Option C: Use another CoNLL-U tagger (Stanza in Python without GPU, spaCy, etc.)

Step 2 — Preprocess: add `<s>` sentence markers

BlackLab's tabular parser requires explicit inline tags for sentence boundaries. The project ships a script that converts CoNLL-U blank-line sentence boundaries into <s> / </s> inline tags:

python scripts/conllu_to_wpl.py corpus.conllu corpus_s.conllu

Move the output file into a dedicated input directory:

mkdir input_dir
mv corpus_s.conllu input_dir/

Step 3 — Index with BlackLab

The shaded JAR bundles BlackLab's IndexTool.

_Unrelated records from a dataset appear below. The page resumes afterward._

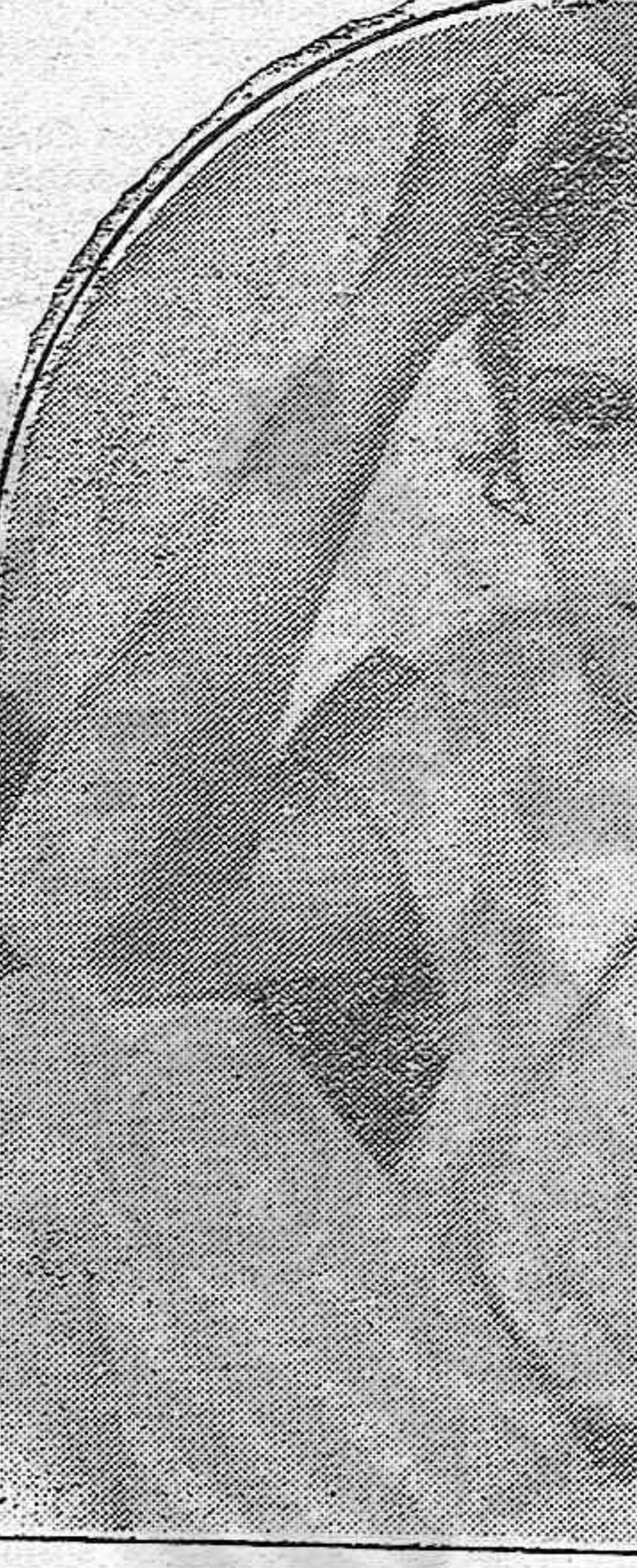
Genial protagonista del film «El último varón sobre la tierra», película que ha alcanzado un resonante éxito en la actual temporada cinematográfica.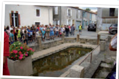
Le lavoir et ses secrets à Moulleron-en-Pareds

L'Office de Tourisme vous donne RDV en 2015 pour un programme qui se voudra « innovant ».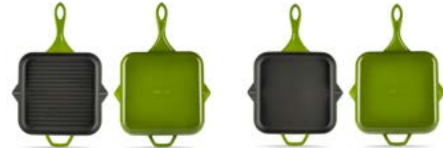
HS K GTV 28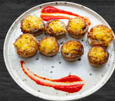
Champiñones enteros rellenos de jamón ibérico y gratinados con queso. P.V.P. 14,00 €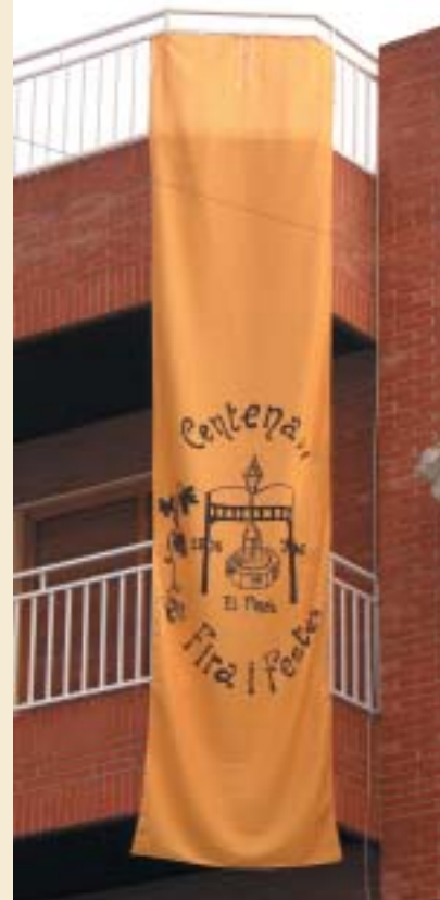
CARTELL DEL CENTENARI DE LA FIRA I FESTES

Es tracta d'un dibuix a ma alçada en el qual es representa l'inici de les nostres festes, amb el fanal que presidia la Plaça de l'Ajuntament fa 100 anys i el taulat, i amb la llegenda "Centenari Fira i Festes, El Pinós 1906 - 2006". Aquest logotip ha estat triat per la comissió creada per a preparar els actes commemoratius de l'efemèride, i el disseny és de Mari Sol Pérez. A partir d'ara, al llarg de tot l'any, el logotip estarà present a tots els esdeveniments que organitze el Consistori. Així mateix, es reproduirà als programes de diferents actes culturals, com la representació de la sarsuela "Un año de amor y sequía", que tindrà lloc els pròxims dies 11 y 12 de març, representada per l'Agrupació Rondalla-Coral "Monte de la Sal".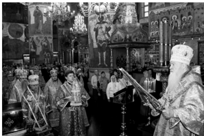
Богослужение возглавил Митрополит Крутицкий и Коломенский Ювеналий

Святейший Патриарх сегодня совершает великое освящение в новопостроенной церкви в честь Введения во храм Пресвятой Богородицы в г. Москве, и поэтому благословил нам совершить сегодня праздничное богослужение в этом святом соборе. Я очень рад приветствовать сегодня собратьев архиереев, священнослужителей, которые сослужили Божественную литургию, и всех вас, кто любит богослужения и с ревностью их посещает. Сегодня в нашем храме также молились учащие и учащиеся Военной академии Российских войск стратегического назначения им. Петра Великого. Я хотел бы от души сердечно поздравить сегодня военачальников и воинов ракетной академии с наступающим днем основания Академии и 50-летним юбилеем Ракетных войск стратегического назначения. Мы радуемся, возлюбленные братья и сестры, что пали те идеологические барьеры, которые в прошлом веке нас разделяли. Сейчас мы — единый народ, который вместе созидает великую нашу державу — Россию.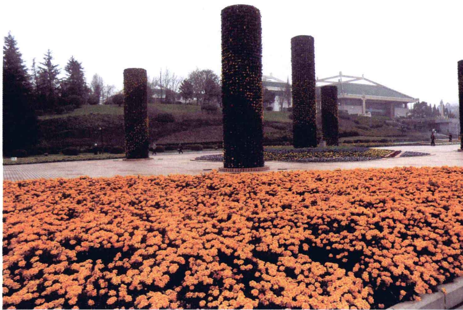
▲昆明世界园艺博览园园景

另外，如果时间充裕，位于昆明东北郊金殿风景名胜区的昆明世界园艺博览园也是值得一去的。昆明世界园艺博览园是一个汇集了全世界园艺风景的超大型博览场所，距昆明市区约4公里，市区东南西北各汽车站均有专线车，交通很方便。

Run it from the project root (so --format-dir . can find conllu-sentences.blf.yaml):

java -cp target/concept-sketch-1.6.0-shaded.jar \
  nl.inl.blacklab.tools.IndexTool create \
  --format-dir . \
  my_index/ input_dir/ conllu-sentences

Argument	Meaning
`--format-dir .`	Directory containing `conllu-sentences.blf.yaml`
`my_index/`	Output index directory (created automatically)
`input_dir/`	Directory with preprocessed `.conllu` files
`conllu-sentences`	Format name (matches the `.blf.yaml` filename)

3. Start API Server

# Terminal 1
java -jar target/concept-sketch-1.6.0-shaded.jar server --index my_index/ --port 8080

CORS configuration: By default the API allows requests from http://localhost:3000. To allow a different origin, pass the cors.allow.origin JVM system property:
java -Dcors.allow.origin=https://myapp.example.com \
     -jar target/concept-sketch-1.6.0-shaded.jar server --index my_index/ --port 8080

Server startup output:

API server started on http://localhost:8080
Algorithm: PRECOMPUTED (O(1) instant lookup)
Endpoints:
  GET /health
  GET /api/sketch/{lemma}
  GET /api/relations
  GET /api/relations/dep
  GET /api/semantic-field/explore
  GET /api/semantic-field/explore-multi
  GET /api/semantic-field/examples
  GET /api/concordance/examples
  GET /api/visual/radial
  GET /api/bcql (POST)

4. Start Web Interface

# Terminal 2
python -m http.server 3000 --directory webapp

Open browser to: http://localhost:3000

The web interface allows to produce some radial plots for collocates:

And you use some semantic exploration features:

5. Try a Query

# Find adjectives describing "house"
curl "http://localhost:8080/api/sketch/house"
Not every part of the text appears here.